On March 22, just one vessel broadcast its AIS signal while transiting the strait. By March 24, that number had climbed to six. Against a pre-war daily average of 138 transits, the comparison is, to put it charitably, stark.
The week’s centrepiece was the “Tehran Toll Booth” — a new routing channel north of Larak Island, through Iranian territorial waters, where the IRGC checks nationality, cargo, crew, and, increasingly, the thickness of an owner’s wallet. According to Bloomberg, payments of up to $2 million per voyage are being sought, on an ad hoc basis. Lloyd’s List tracked 33 transits via Larak Island in the second half of March — and zero through the main southern channel. Two vessels, reportedly, have already paid. In Chinese yuan. The irony of the world’s most critical oil chokepoint now operating as a yuan-denominated toll road has not escaped the market’s notice.
On March 25, Iran announced that “non-hostile vessels” may transit, provided they coordinate with Iranian authorities. The Iranian parliament, meanwhile, advanced a draft bill to codify the toll system into law — reportedly targeting the first week of April for finalisation. On March 26, Israel killed Alireza Tangsiri, the IRGC Navy commander Tehran designated as the architect of the strait’s closure.

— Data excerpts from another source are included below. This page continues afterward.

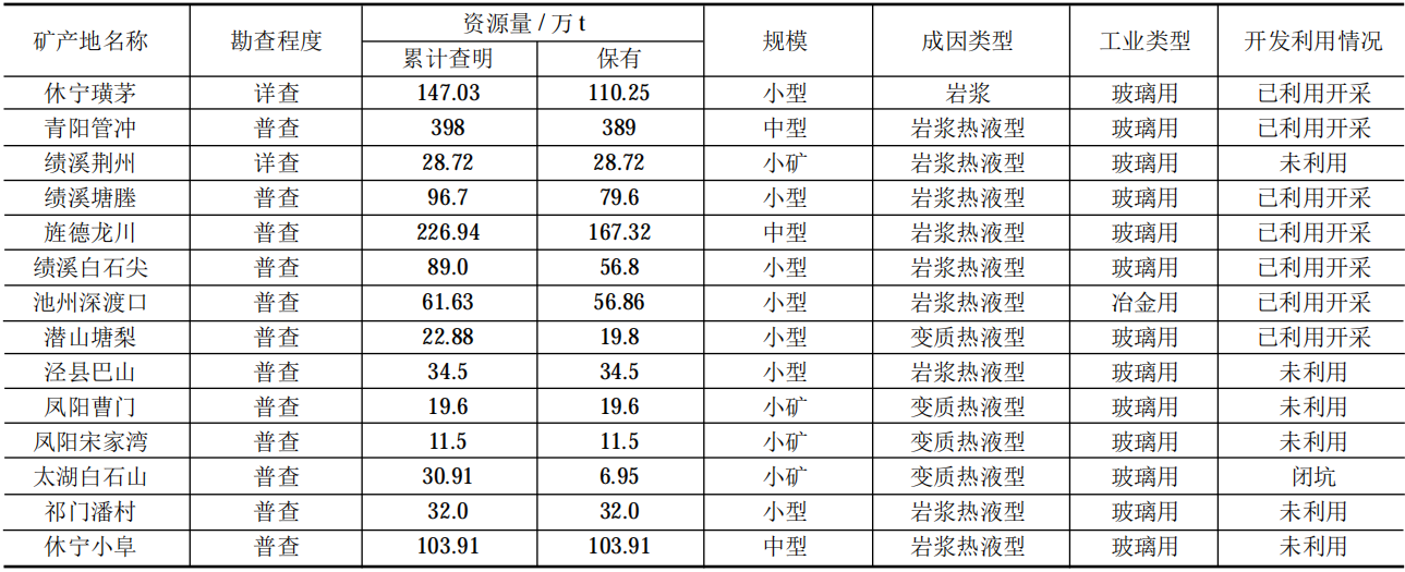 安徽省內脈石英礦床類型主要為巖漿熱液型和變質熱液型。斷裂構造與脈石英礦的形成關系密切,為礦體形成提供了良好的運移通道和成礦空間,富含硅的巖漿熱液、變質熱液沿構造裂隙運移并充填其中,形成脈石英礦。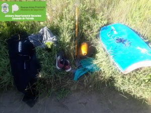 En el terreno la policía encontró además un body o tabla para deportes náuticos con su funda, prendas de vestir y una maquina bordeadora.
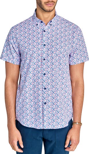Slim Fit Mini Floral Stem Recycled 4-Way Stretch Performance Short Sleeve Shirt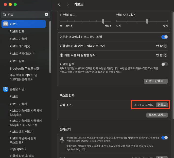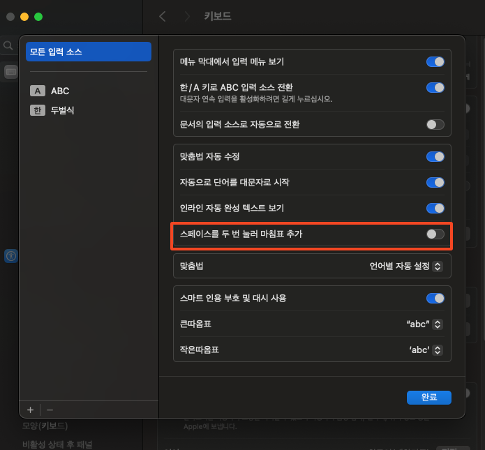 ์์คํ ์ค์ > ํค๋ณด๋> ํ ์คํธ ์ ๋ ฅ์ ํธ์ง> ๋ง์นจํ ์ถ๊ฐ๋ฅผ ํด์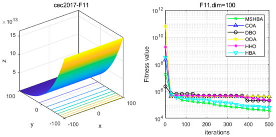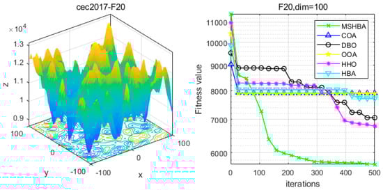 From Table 5, it can be seen that the MSHBA algorithm exhibits superior performance min, worst, median, average, and std on the hybrid function set F11–F20 compared to other algorithms such as Raccoon Optimization Algorithm (COA), Beetle Optimization Algorithm (DBO), Harris Hawk Optimization (HHO), Ospry Optimization Algorithm (OOA), Honey Badger Algorithm (HBA).

And on March 27, the IRGC formally prohibited passage for any vessel linked to U.S., Israeli, or allied ports — then turned back three container ships to illustrate the point.
Diplomatically, Trump paused strikes on Iranian energy infrastructure for ten days — until April 6 — citing “productive conversations.” He also revealed that Iran had allowed ten tankers through as a gesture of goodwill, including what appeared to be Pakistani-flagged vessels. Iran responded by rejecting the U.S. 15-point ceasefire plan and submitting its own five-point counteroffer — which notably demands formal recognition of Iranian sovereignty over the Strait. That condition is not going to fly with Riyadh, Abu Dhabi, or Washington. On Saturday March 28 — the final day of this week’s window — the Houthis entered the war. Their military spokesperson Yahya Saree confirmed the launch of a ballistic missile toward “sensitive military targets” in southern Israel, intercepted by the IDF, in explicit support of Iran and Lebanon’s Hezbollah. The Houthis have not yet attacked commercial shipping or closed the Bab el-Mandeb — that remains, in the words of one analyst, their “nuclear option.” Australian investment bank Macquarie now puts the probability of oil hitting $200 per barrel by June at 40%.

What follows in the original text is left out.